Taylor Hersh (Ph.D. Student): Despite our general knowledge of sperm whale dialects, the question of how dialects initially evolved, and how they may (or may not) be evolving today, remains enigmatic. Given extensive acoustic research efforts in both the Tropical Pacific and the Eastern Caribbean, sperm whale dialect evolution can now be feasibly investigated. The goal of my doctoral research is to elucidate the communicative mechanisms that allow sperm whales to evolve and maintain distinct dialects in varying degrees of sympatry.
Felicia Vachon (Ph.D. Student): Although culture has been extensively studied and is considered a main driver of evolution in humans, it remains fairly controversial in animals. The objective of my thesis is, therefore, to use sperm whale as an example of the extent of culture in non-humans and highlight the importance of incorporating culture into mainstream biology. This will be achieved by comparing habitat use and behaviour between sperm whale vocal clans.

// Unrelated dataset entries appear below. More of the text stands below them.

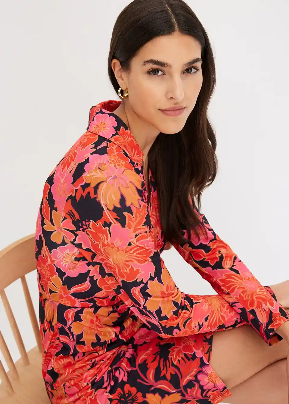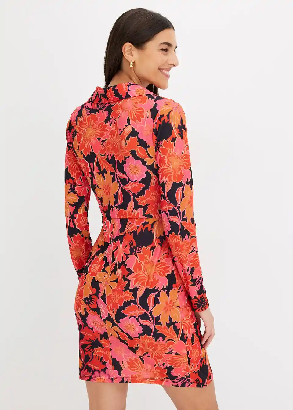 Ein tolles Farbenfrohes Kleid... es ist eher eng und kurz geschnitten. Das Material fühlt sich trotz langen Ärmeln recht angenehm an.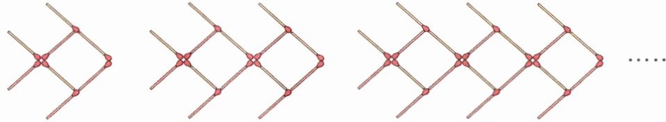 (1) 像这样摆下去,摆 $ n $ 条鱼需要(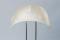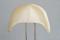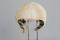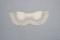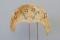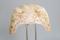 | Bindmössa av randigt benfärgat siden med broderier. | |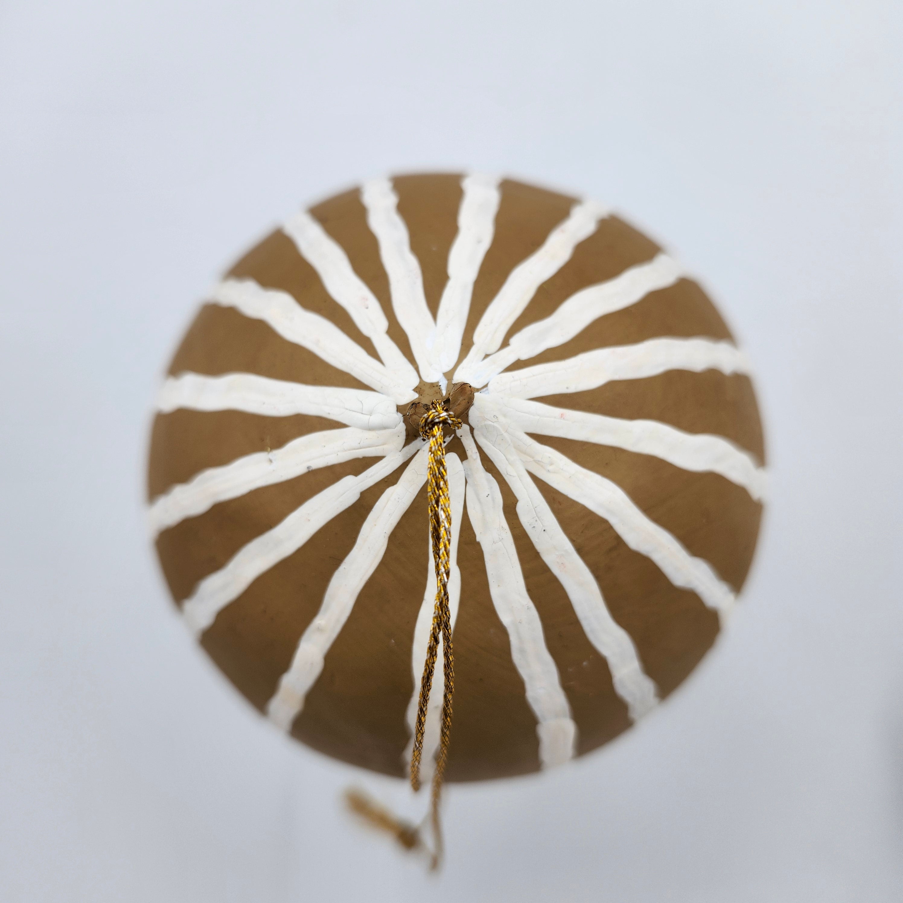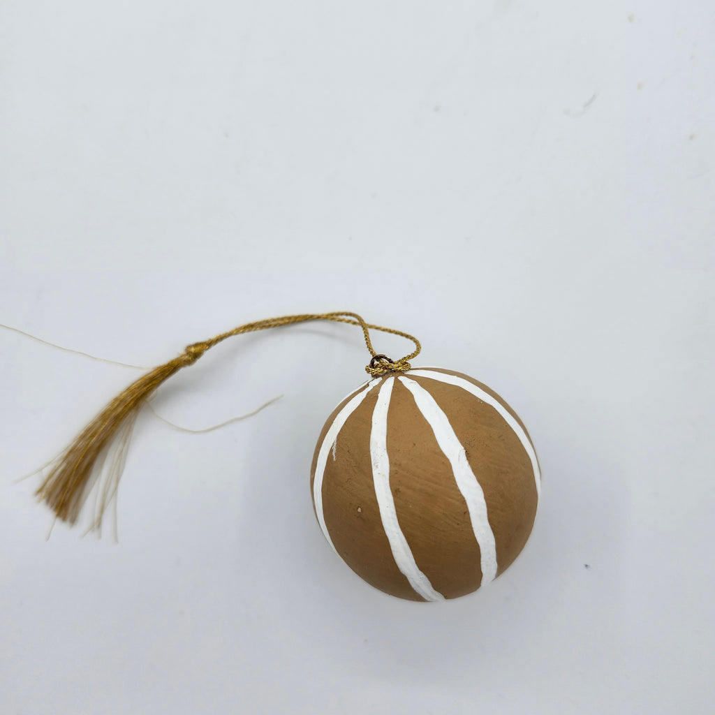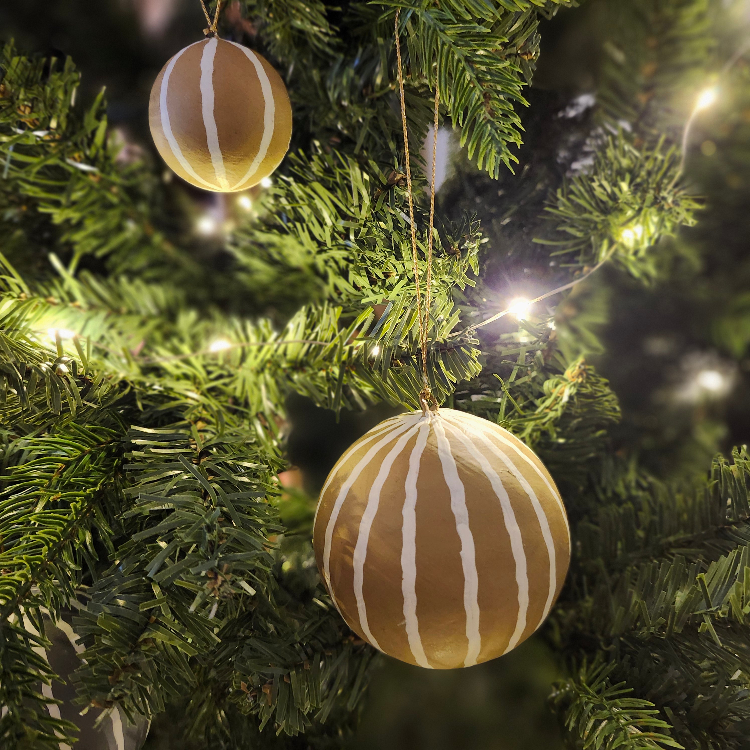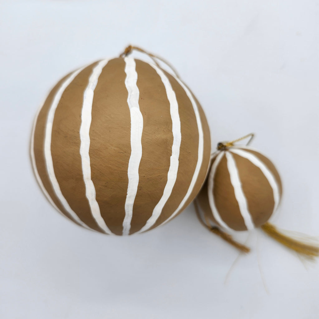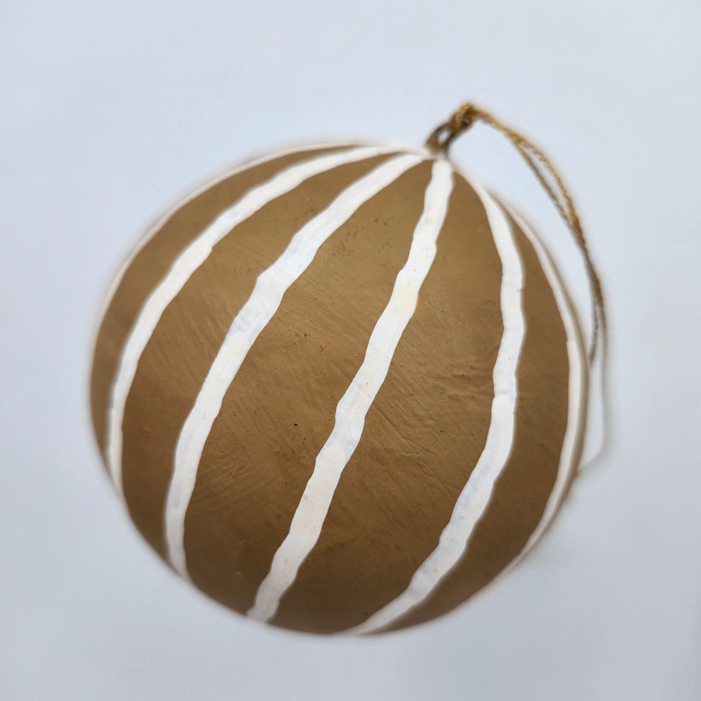 Handmade from papier mache in Kashmir, these delightful Christmas decorations have been individually hand-painted in natural with white stripes and finished with a matte varnish. They have a plain gold thread with a small tassel for hanging.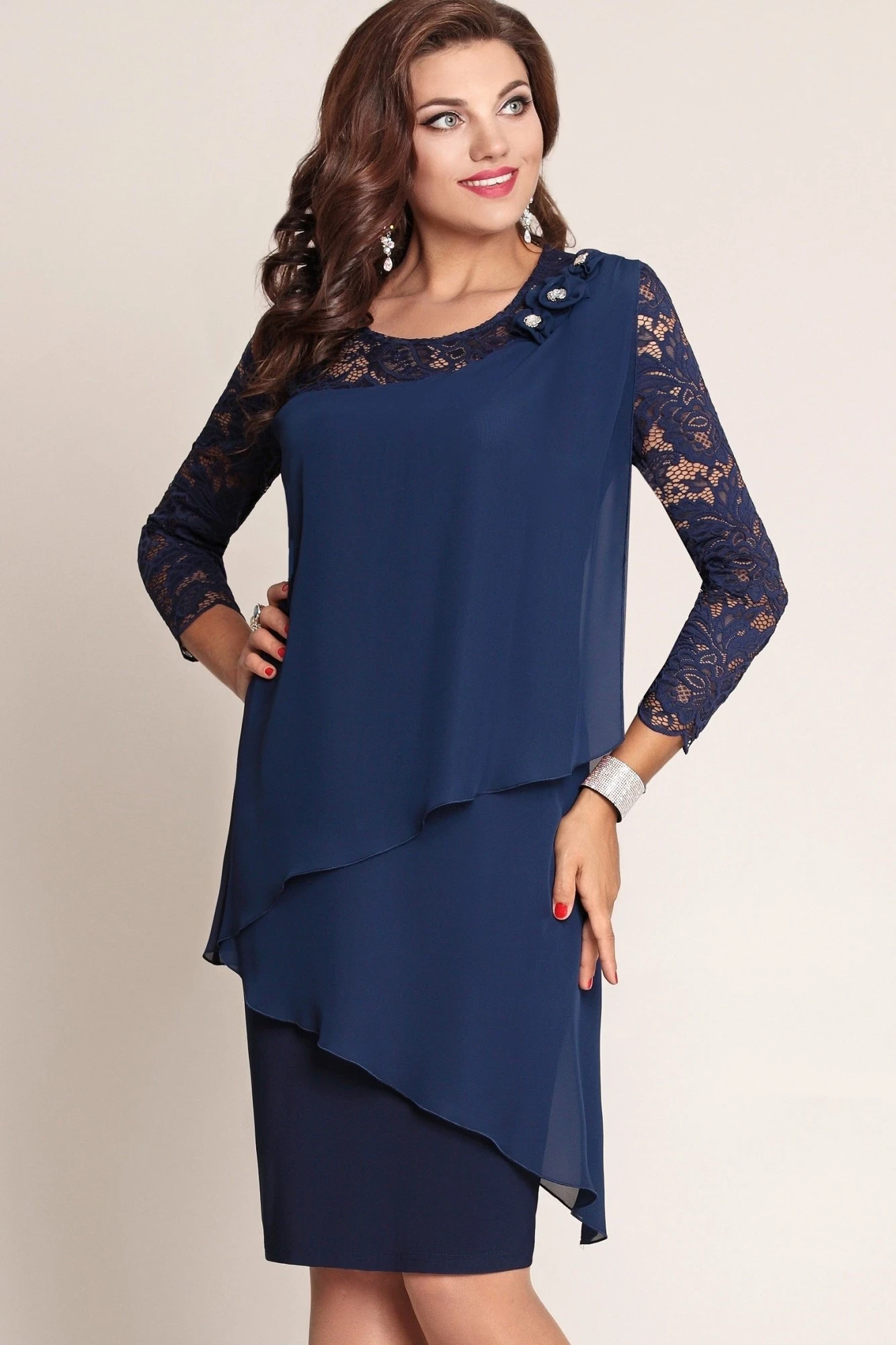 Платье женское, состоящее из двух частей. Нижняя часть полуприлегающего силуэта. Верхняя часть представляет собой накидку прямого силуэта из шифона. Накидка двухслойная с ассиметричным низом. В области горловины переда ассиметричная кокетка из кружева. В области левогоплеча по переду и спинке заложены односторонние складки. Рукав втачной одношовный из кружева.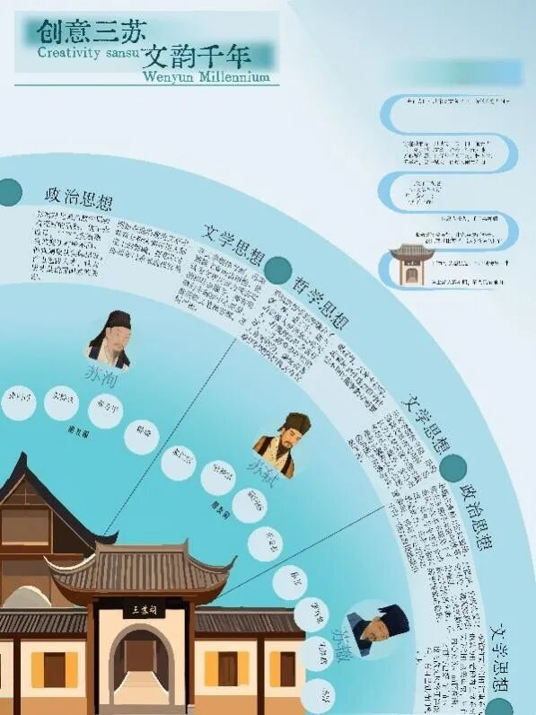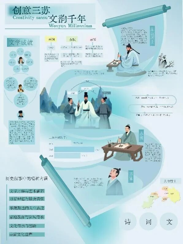 设计说明:设计采用书卷作为视觉骨架,象征苏门家学源远流长、彼此交融又各自精彩。三人肖像插画辅以生卒年、字号,文学成就等最关键文字信息。现代简约的数据图表与中国传统元素水墨、书卷相结合,既传统又现代。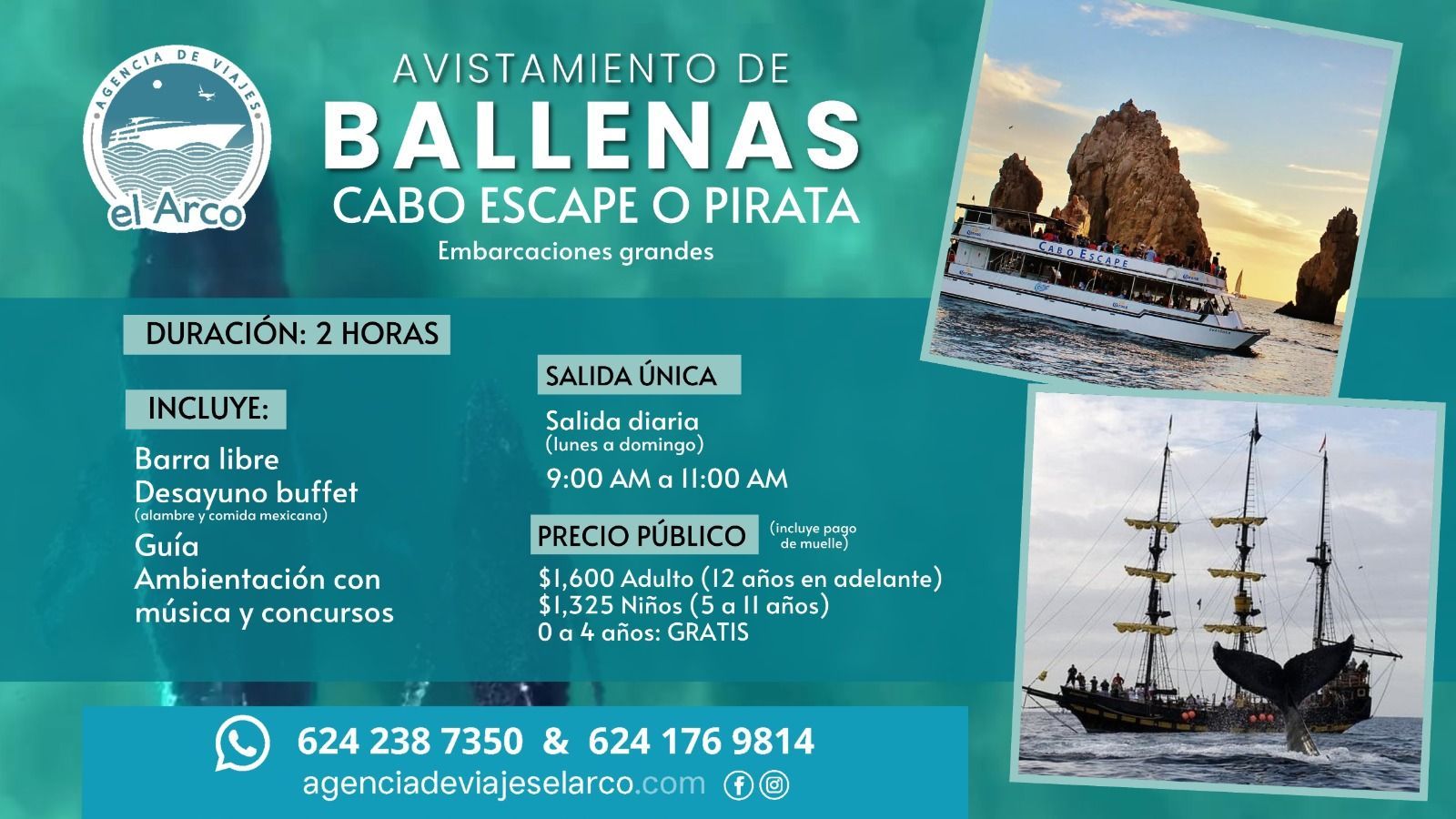 Ofrecemos paquetes de viajes a Los Cabos, paquetes turísticos, tours ecológicos, avistamiento de ballenas, recorridos a El Arco, transportación terrestre y cualquier actividad que quieras realizar durante tu estancia en este maravilloso paraíso peninsular.

Ana Eguiguren (Ph.D. Student): While studying sperm whale communication has revealed a great deal about sperm whale sociality and culture, it is still unclear how these sounds are structured and what are the “rules” with which they are exchanged. For my project, I will derive tools from human musicology to explore these questions. I am specifically interested in finding if there are universal rhythmic traits in sperm communication, and if any are variable across oceans, clans, and social contexts. Studying this will allow us to compare sperm whale communication to that of other species, and further our understanding of processes that shape communication.